■ What you should do: Extract, exactly as written, each line from the start of the records below to the line containing "<B>1897 5C PR66", both ends included; drop the pictures.

■ Extracted material:
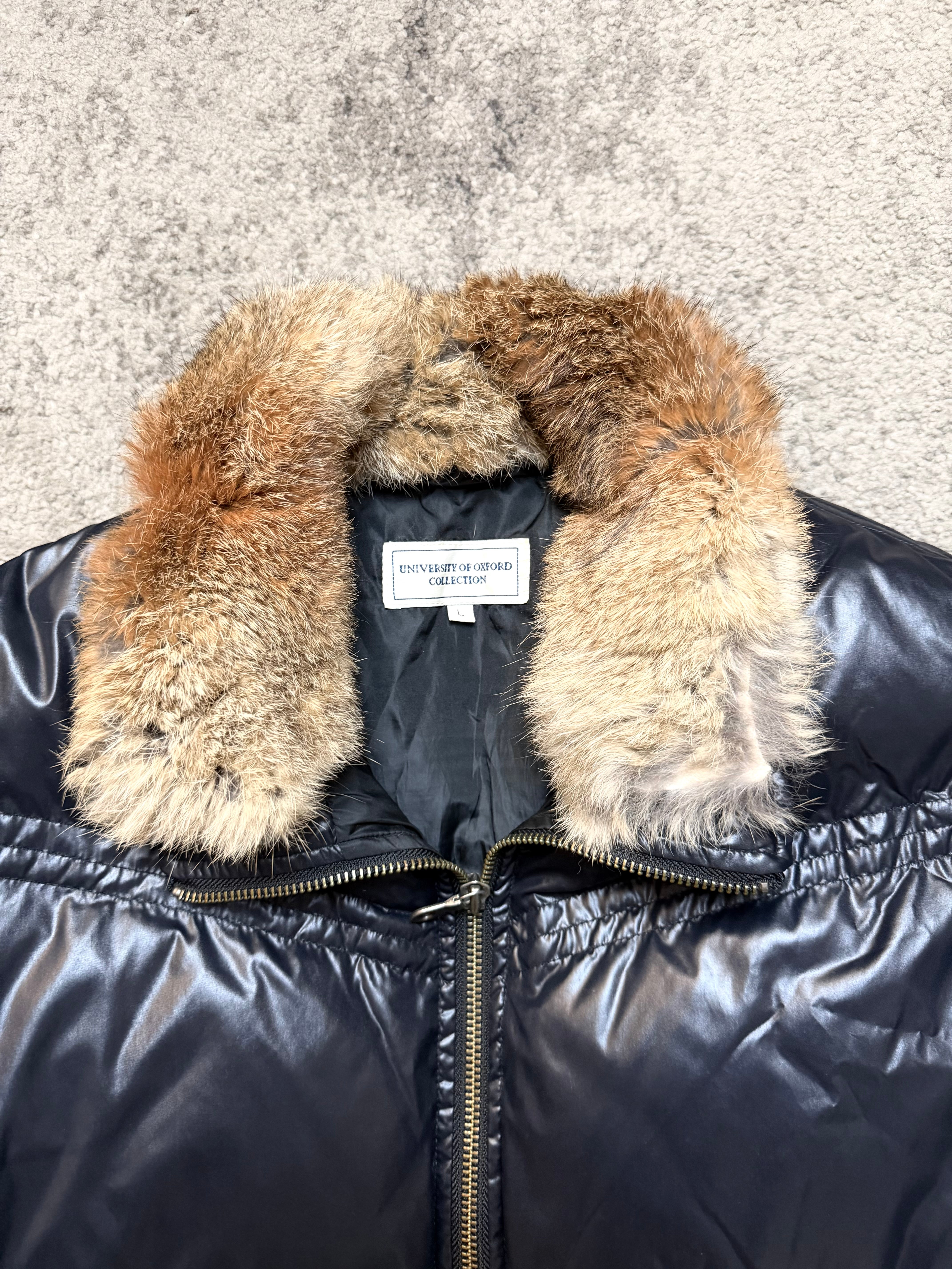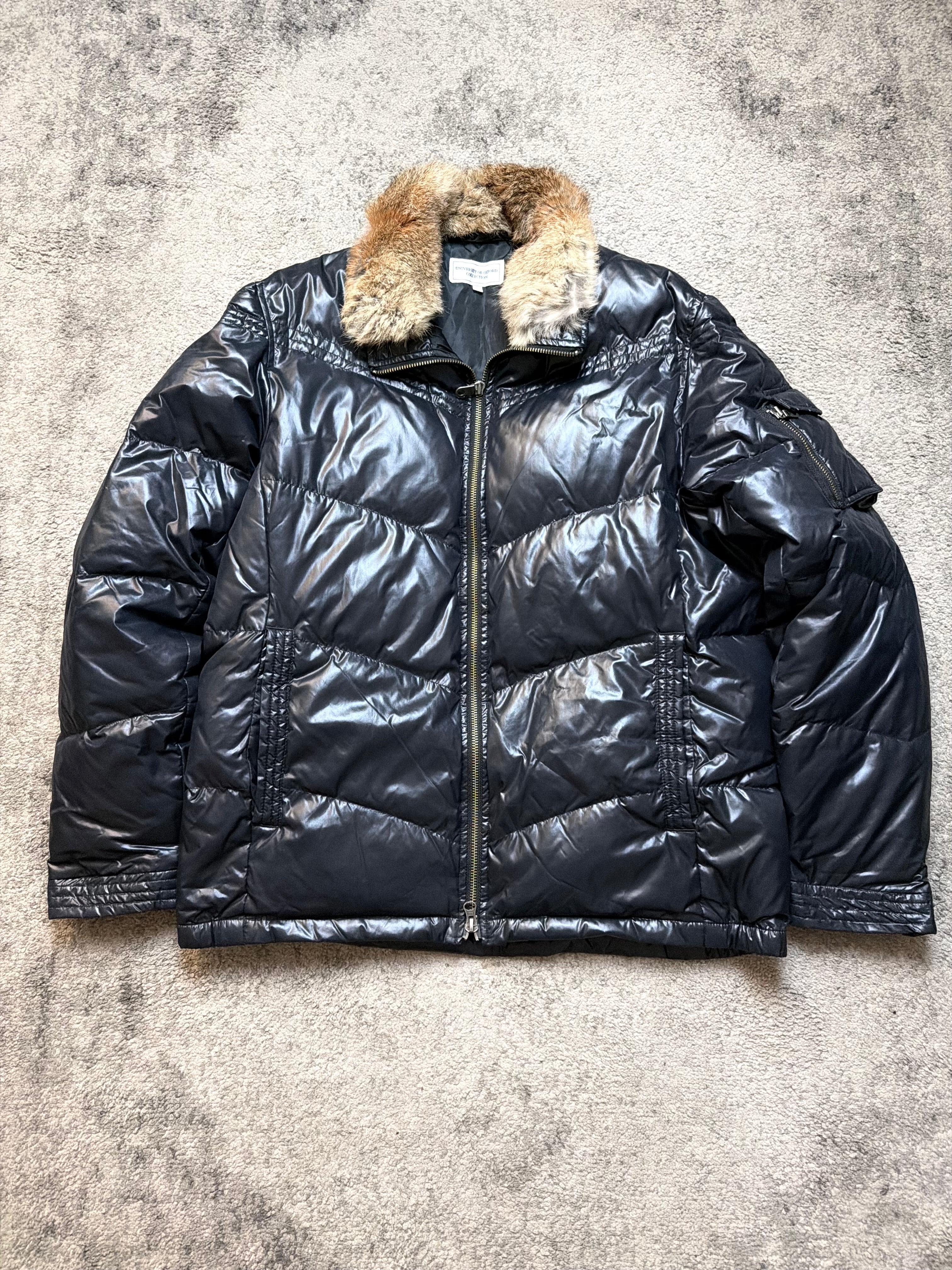 A rare Japanese-market puffer by UNIVERSITY OF OXFORD, captured in rich, dark graphite tones with that signature archive sheen that feels straight out of a 2000s Tokyo street snapshot.
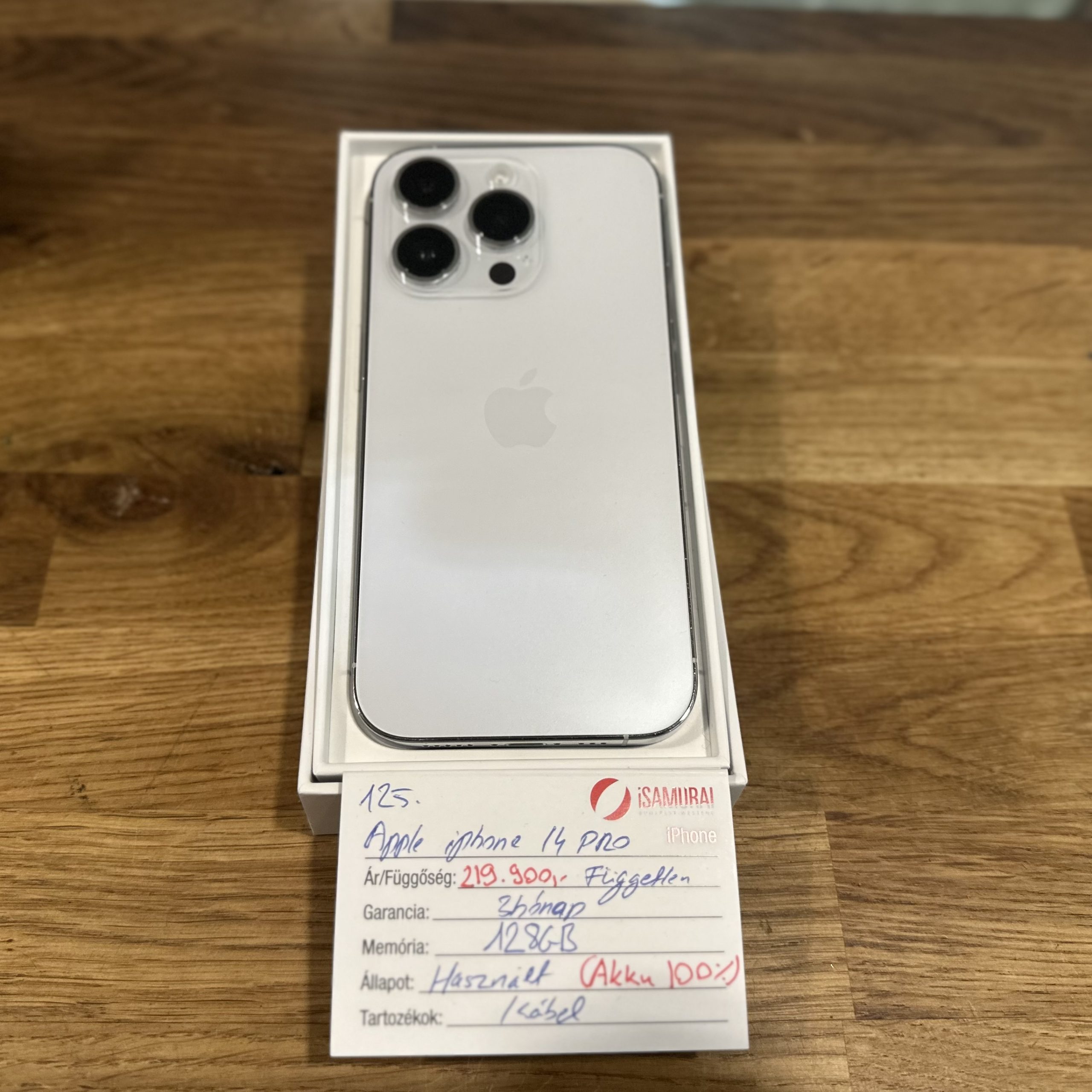 Eladó egy újszerű Apple iPhone 14 Pro készülék. Ezüst színben, 128 GB belső tárhellyel. Töltőkábellel, valamint 3 hónap iSamurai garanciával. A készülék kártyafüggetlen, bármilyen hálózaton használható. A készülék akkuja 100%-os
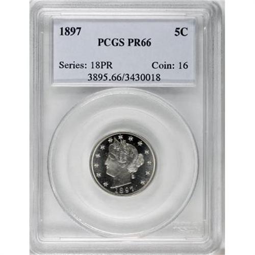 <B>1897 5C PR66 PCGS.</B></I> A meticulously struck and virtually untoned Premium Gem. Infrequent obverse flecks are all that deny an even higher assessment. Population: 58 in 66, 20 finer (2/08).<BR><BR><B>Coin Engraver:</B> Charles E. Barber<BR><BR><b>Shipping:</b> Coins & Currency (<a target="_blank" href="http://www.heritageauctions.com/common/shipping.php">view shipping information</a>)
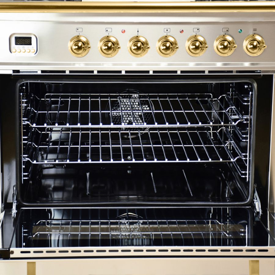 The oven 3.55 cu.ft. True European convection provides even heat distribution for perfect results, complete with convection bake, convection broil, grill baking, and standard bake functions. In addition, the oven includes electric rotisserie and 3-pane glass window for safety that can be removed for cleaning with mild soap (Not Dishwasher Safe). Beneath the oven there is a drawer designed to keep dishes warm between 125°-200° before serving. Manual controls and durable components minimize service repairs over the lifespan of the product. Hallman ranges are available in an array of colors and configurations with unique options and accessories, allowing the ability to customize to your taste. Hallman is the premium brand engineered for those who are passionate about cooking with the finest quality. Decades of proven craftsmanship ensure every Hallman range will be in service and style for generations. Handmade in Italy.
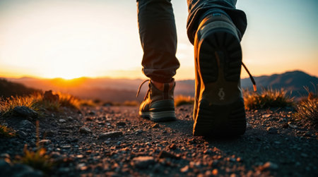 close-up of hiking boots on a trail at sunset

■ Solution to this task:
 A rare Japanese-market puffer by UNIVERSITY OF OXFORD, captured in rich, dark graphite tones with that signature archive sheen that feels straight out of a 2000s Tokyo street snapshot.
 Eladó egy újszerű Apple iPhone 14 Pro készülék. Ezüst színben, 128 GB belső tárhellyel. Töltőkábellel, valamint 3 hónap iSamurai garanciával. A készülék kártyafüggetlen, bármilyen hálózaton használható. A készülék akkuja 100%-os
 <B>1897 5C PR66 PCGS.</B></I> A meticulously struck and virtually untoned Premium Gem. Infrequent obverse flecks are all that deny an even higher assessment. Population: 58 in 66, 20 finer (2/08).<BR><BR><B>Coin Engraver:</B> Charles E. Barber<BR><BR><b>Shipping:</b> Coins & Currency (<a target="_blank" href="http://www.heritageauctions.com/common/shipping.php">view shipping information</a>)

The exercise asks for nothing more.